**Task details**:
From the line containing "16oz Moscow Mule" to the last line of the records below, repeat every line exactly and add nothing else.

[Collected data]
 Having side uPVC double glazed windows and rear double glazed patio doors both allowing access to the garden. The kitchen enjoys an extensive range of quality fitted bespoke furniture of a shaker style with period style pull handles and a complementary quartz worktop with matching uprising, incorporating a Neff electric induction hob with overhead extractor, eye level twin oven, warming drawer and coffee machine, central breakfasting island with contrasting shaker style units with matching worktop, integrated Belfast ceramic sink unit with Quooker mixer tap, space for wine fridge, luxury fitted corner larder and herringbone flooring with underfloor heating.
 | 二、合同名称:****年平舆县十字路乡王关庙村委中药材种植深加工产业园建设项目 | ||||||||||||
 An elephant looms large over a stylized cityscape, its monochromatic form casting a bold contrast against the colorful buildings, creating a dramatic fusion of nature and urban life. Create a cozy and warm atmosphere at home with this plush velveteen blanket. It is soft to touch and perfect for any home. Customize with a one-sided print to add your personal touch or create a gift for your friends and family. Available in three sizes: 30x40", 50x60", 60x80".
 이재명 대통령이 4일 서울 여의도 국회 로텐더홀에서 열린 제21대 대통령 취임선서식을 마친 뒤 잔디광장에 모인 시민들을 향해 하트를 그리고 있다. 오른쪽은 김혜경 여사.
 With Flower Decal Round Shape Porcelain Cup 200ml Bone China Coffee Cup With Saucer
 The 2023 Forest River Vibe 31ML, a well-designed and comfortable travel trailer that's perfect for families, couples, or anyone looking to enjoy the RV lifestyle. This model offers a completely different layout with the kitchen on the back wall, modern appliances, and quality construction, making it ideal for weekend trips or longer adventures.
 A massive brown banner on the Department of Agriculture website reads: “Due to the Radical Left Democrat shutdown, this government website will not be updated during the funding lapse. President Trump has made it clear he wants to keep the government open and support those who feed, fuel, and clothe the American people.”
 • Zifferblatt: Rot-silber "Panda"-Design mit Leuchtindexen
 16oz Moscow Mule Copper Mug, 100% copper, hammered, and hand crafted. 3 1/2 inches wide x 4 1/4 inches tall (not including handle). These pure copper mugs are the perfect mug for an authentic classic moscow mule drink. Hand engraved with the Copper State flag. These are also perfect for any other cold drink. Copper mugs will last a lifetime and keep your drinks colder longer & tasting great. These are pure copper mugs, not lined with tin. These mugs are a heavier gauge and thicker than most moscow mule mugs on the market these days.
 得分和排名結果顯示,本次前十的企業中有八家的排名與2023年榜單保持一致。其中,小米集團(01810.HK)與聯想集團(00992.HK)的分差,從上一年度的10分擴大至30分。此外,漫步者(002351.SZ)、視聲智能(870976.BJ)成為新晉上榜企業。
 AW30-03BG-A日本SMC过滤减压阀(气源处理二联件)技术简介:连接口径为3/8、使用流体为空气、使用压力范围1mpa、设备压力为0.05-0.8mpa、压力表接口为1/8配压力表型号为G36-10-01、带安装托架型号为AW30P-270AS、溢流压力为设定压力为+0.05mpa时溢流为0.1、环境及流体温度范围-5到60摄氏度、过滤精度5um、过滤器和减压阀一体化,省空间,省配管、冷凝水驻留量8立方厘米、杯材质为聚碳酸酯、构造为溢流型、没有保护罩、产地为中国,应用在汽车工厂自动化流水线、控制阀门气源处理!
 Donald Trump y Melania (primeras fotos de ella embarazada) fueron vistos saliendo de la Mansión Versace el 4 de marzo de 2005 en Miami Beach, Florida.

**Task response**:
 16oz Moscow Mule Copper Mug, 100% copper, hammered, and hand crafted. 3 1/2 inches wide x 4 1/4 inches tall (not including handle). These pure copper mugs are the perfect mug for an authentic classic moscow mule drink. Hand engraved with the Copper State flag. These are also perfect for any other cold drink. Copper mugs will last a lifetime and keep your drinks colder longer & tasting great. These are pure copper mugs, not lined with tin. These mugs are a heavier gauge and thicker than most moscow mule mugs on the market these days.
 得分和排名結果顯示,本次前十的企業中有八家的排名與2023年榜單保持一致。其中,小米集團(01810.HK)與聯想集團(00992.HK)的分差,從上一年度的10分擴大至30分。此外,漫步者(002351.SZ)、視聲智能(870976.BJ)成為新晉上榜企業。
 AW30-03BG-A日本SMC过滤减压阀(气源处理二联件)技术简介:连接口径为3/8、使用流体为空气、使用压力范围1mpa、设备压力为0.05-0.8mpa、压力表接口为1/8配压力表型号为G36-10-01、带安装托架型号为AW30P-270AS、溢流压力为设定压力为+0.05mpa时溢流为0.1、环境及流体温度范围-5到60摄氏度、过滤精度5um、过滤器和减压阀一体化,省空间,省配管、冷凝水驻留量8立方厘米、杯材质为聚碳酸酯、构造为溢流型、没有保护罩、产地为中国,应用在汽车工厂自动化流水线、控制阀门气源处理!
 Donald Trump y Melania (primeras fotos de ella embarazada) fueron vistos saliendo de la Mansión Versace el 4 de marzo de 2005 en Miami Beach, Florida.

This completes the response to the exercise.